This repository is dedicated to EPFLGraph's GraphOntology, the tree of knowledge comprised of over 40,000 Wikipedia pages. The scripts and queries within this repo allow you to:
- Load and view the ontology.
- Run the ontology endpoints on GraphAI -- useful if you are running a local instance of GraphAI.
- Modify the ontology locally.
- Propose changes to the original ontology using GitHub Issues.
To be able to use the scripts in the repo, first install graphontology using pip install . or
pip install -e . if editable mode is desired.
Now create a config.ini file in the same root directory that looks like the following:
[elasticsearch]
host: localhost
port: 9201
username: esuser
password: espass
cafile: /path/to/es/cafile.crt
[database]
host: localhost
port: 23306
user: mysqluser
password: mysqlpass
Now you are ready to run any of the scripts. To prepare the database and Elasticsearch indexes for a local instance of GraphAI, follow these loading instructions.
If you plan to run a local instance of GraphAI, for the /ontology endpoints
to be enabled you need to have the ontology's tables in your database.
These tables should be in the database graph_ontology, and consist of the following tables:
Nodes_N_Concept
Nodes_N_Category
Edges_N_Concept_N_Concept_T_Undirected
Edges_N_ConceptsCluster_N_Concept_T_ParentToChild
Edges_N_Category_N_ConceptsCluster_T_ParentToChild
Edges_N_Category_N_Category_T_ChildToParent
Edges_N_Category_N_Concept_T_AnchorPage
Edges_N_Concept_N_Concept_T_Embeddings
The GraphOntology data dump contains all of these. In order to load them into your local database,
download the dump, decompress it, and run the following:
python init_ontology_tables.py --dump /path/to/dump.mysql
The script will automatically check whether you got everything imported correctly and let you know if something has gone wrong.
The concept detection index is a compressed dump of the concepts_detection index used by GraphAI's /text endpoints, created using Elasticdump.
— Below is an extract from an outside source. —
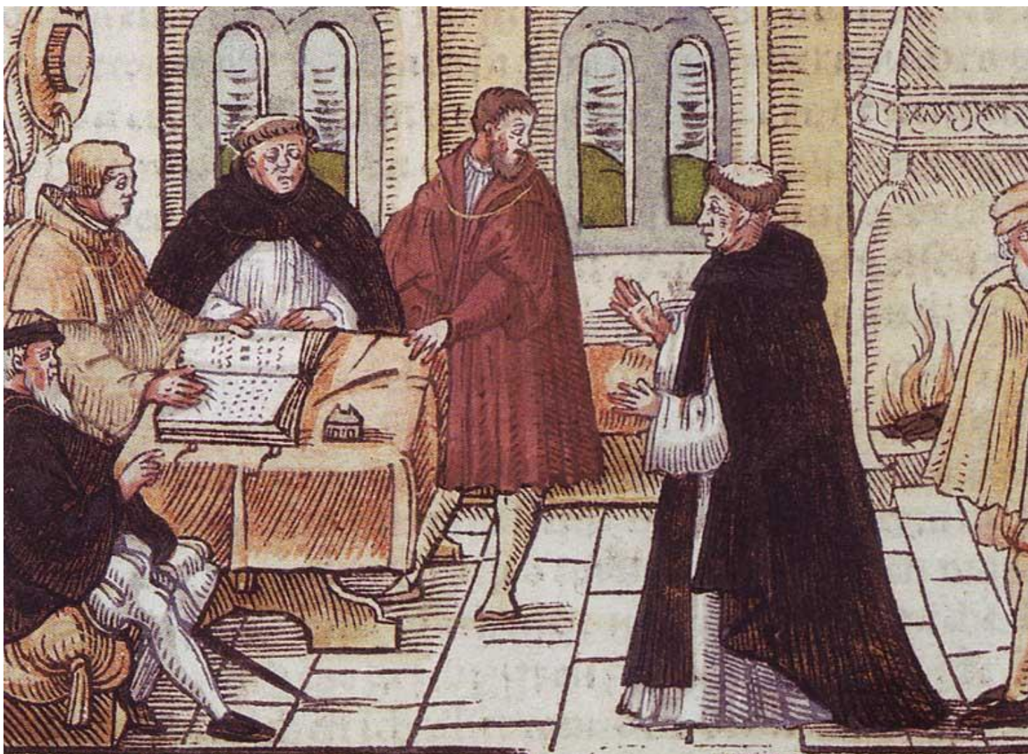
Luter przed Kajetanem

It is a tar.gz file containing a folder with three JSON dumps: one for the analyzer, one for the mapping, and one for the data.
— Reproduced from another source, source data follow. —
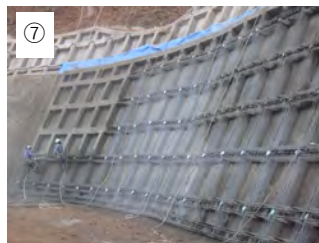
⑦ 【法枠モルタル吹付】 法枠にモルタルを吹き付けします。
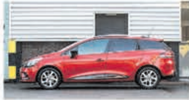
Renault Clio Estate 1.2 TCe Zen. € 15.950,-
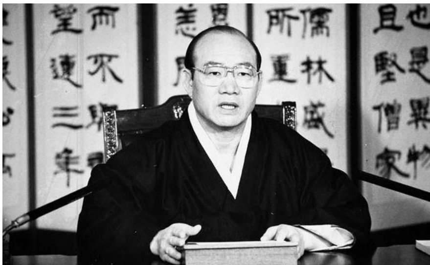
Cựu Tổng thống Chun Doo-hwan

Sau khi ông Park Chung-hee bị ám sát, Thủ tướng Hàn Quốc thời đó là Choi Kyu-ha lên làm quyền Tổng thống. Tuy nhiên, đến 7/12/1979, thiếu tướng Chung Doo-hwan tổ chức đảo chính quân sự và lên nắm quyền.

To restore them (assuming your ES server is running on, or mapped to, localhost:9201 and secured with authentication), first install elasticdump according to the instructions, then run:
elasticdump \
--input=~/concepts_detection/concepts_detection_mapping.json \
--output=https://YOURUSERNAME:YOURPASSWORD@127.0.0.1:9201/concepts_detection \
--type=mapping
elasticdump \
--input=~/concepts_detection/concepts_detection_analyzer.json \
--output=https://YOURUSERNAME:YOURPASSWORD@127.0.0.1:9201/concepts_detection \
--type=analyzer
elasticdump \
--input=~/concepts_detection/concepts_detection_data.json \
--output=https://YOURUSERNAME:YOURPASSWORD@127.0.0.1:9201/concepts_detection \
--type=data
Be patient as the import may take a while (the data contains over 1.5 million documents, which are the concepts).
If you want to propose modifications to the ontology, refer to the README file in the data subfolder.